There are several types of conservatorships, the most common of which are:

General Probate Conservatorship

For adults who cannot provide for their own personal needs due to physical injury, dementia, or other reasons that make them incapable of caring for themselves or making them subject to undue influence.

Limited Conservatorship

Only for a person who is developmentally disabled. The powers are limited so the person may live as independently as possible.

If you are Conservator of the Person, this means you:

  • Arrange for the conservatee’s care and protection;

  • Decide where the conservatee will live; and

  • Are in charge of health care, food, clothes, personal care, housekeeping, transportation, and recreation on behalf of the conservatee.

If you are the Conservator of the Estate, this means you:

  • Manage all the conservatee’s finances;

  • Protect the conservatee’s income and property;

  • Make an inventory of everything in the estate;

  • Make a plan to make sure the conservatee’s needs are met;

  • Make sure the conservatee’s bills are paid;

  • Make sure the taxes are filed and paid on time;

  • Keep exact financial records;

  • Make regular reports of the financial accounts to the court and other interested persons.

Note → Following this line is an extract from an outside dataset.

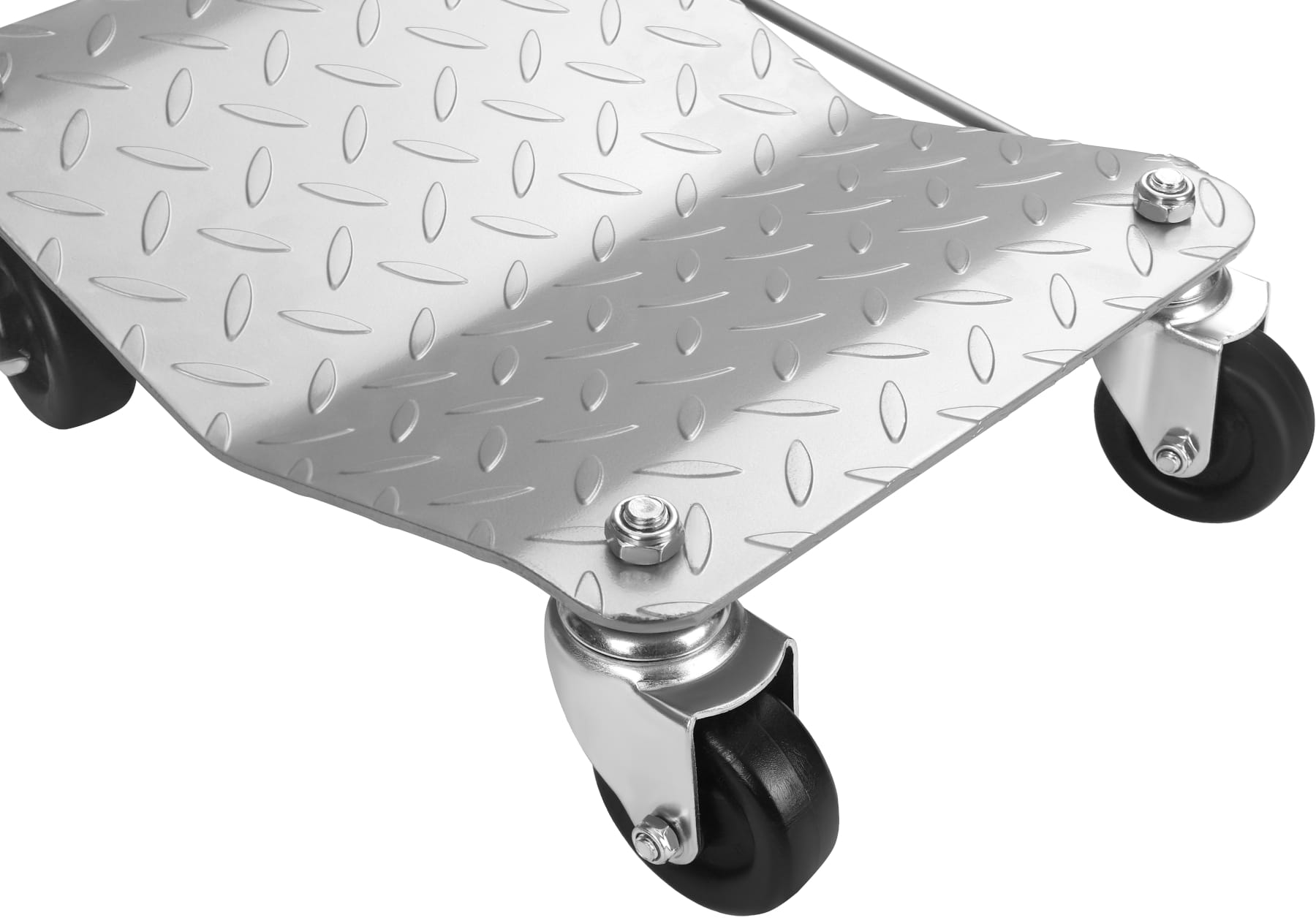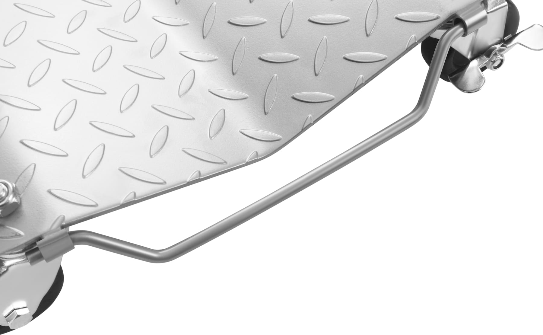 Każda rolka posiada udźwig aż 680 kg, co pozwala na transport bardzo ciężkich elementów. Wgłębiony kształt blatu minimalizuje ryzyko zsunięcia przewożonego towaru, zwiększając bezpieczeństwo pracy. Blaty wykonane zostały z wytrzymałej blachy ryflowanej, która poprawia przyczepność i stabilność ładunku.

You can request to become a temporary conservator when a person needs immediate help (emergency situations only), but you must file the petition for appointment of probate conservator (permanent orders), simultaneously. If appointed by the court, you will have most of the same duties and powers that a permanent conservator has. A temporary conservator will last for a specific time period, until you or someone else can be appointed as the permanent conservator.

Forms to begin a Conservatorship

The forms required to obtain an appointment as a conservator are listed below. You can view/download them here. You may also find it helpful to download the Conservatorship Handbook, which contains a lot of useful information. A packet containing the necessary forms is available for purchase at the probate division of the Superior Court of California, County of Tuolumne.

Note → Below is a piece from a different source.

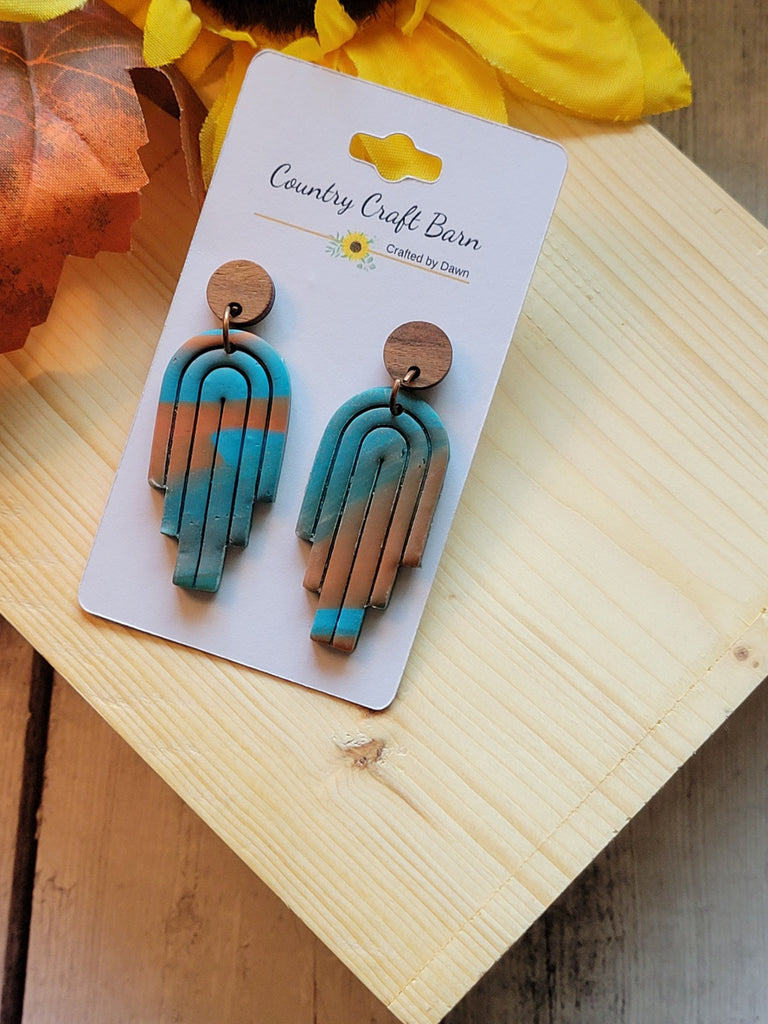 Inspired by desert landscapes and bold modern design, these handcrafted polymer clay earrings feature a layered arch motif in rich tones of turquoise blue, warm tan, and earthy brown. The soft matte finish adds a natural feel, while the rounded post backs in deep espresso provide a contemporary contrast. Lightweight and comfortable, these statement earrings are perfect for adding a pop of color and artistry to any outfit.

  • Petition for Appointment of Probate Conservator

  • Attachment Re: Special Orders Regarding Dementia

  • Capacity Declaration (Must be completed prior to court hearing.)

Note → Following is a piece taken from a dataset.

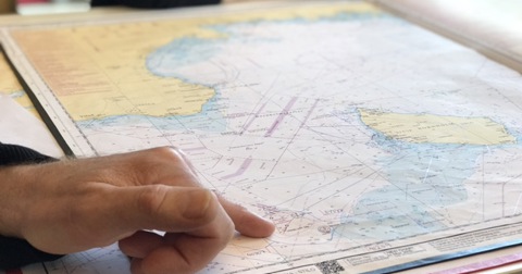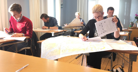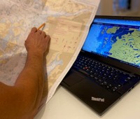 Kurslitteratur, övningsjökort, navigationsbestick.

  • Confidential Supplemental Information

  • Confidential Conservator Screening Form

  • Declaration Re: Conservatorship Trust Accounts

  • Probate Investigators Referral Report

  • Probate Investigators Referral Report

  • Duties of Conservator

  • Citation for Conservatorship and Proof of Service

  • Order Appointing Probate Conservator

  • Letters of Conservatorship

  • Notice of Hearing

Where can I get help?

Being a conservator can be a confusing and overwhelming process. You may need legal advice that can only be provided by an attorney. You can also find information regarding conservatorships by visiting the California Courts website, as well as:

Conservatorship Frequently Asked Questions

The duties of a conservator can include:

  • Arranging for the conservatee's care and protection;
  • Deciding where the conservatee will live;
    • Making decisions about:
    • health care,
    • food,
    • clothes, personal care,
    • housekeeping, transportation, and
    • recreation.
  • Managing the conservatee's finances;
  • Protecting the conservatee's income and property;
  • Making sure the conservatee's bills are paid and taxes are filed and paid on time;
  • Investing the conservatee's money;
  • Making sure the conservatee gets all the benefits he or she is eligible for;
  • Keeping exact financial records; and
  • Making regular reports of the financial accounts to the court and other interested persons.

A conservatee does not lose all rights. They can still have a say in important decisions. They have the right to:

  • Be treated with understanding and respect;
  • Have their wishes considered; and
  • Be well cared for.

In general, conservatees keep the right to:

  • Control their own salary;
  • Make or change their will;
  • Get married;
  • Get mail;
  • Have a lawyer;
  • Ask a judge to change conservators or end the conservatorship;
  • Vote, unless a judge says they're not able to;
  • Control personal spending money if a judge says they can have an allowance; and
  • Make their own health-care decisions, unless a judge gives that right to a conservator.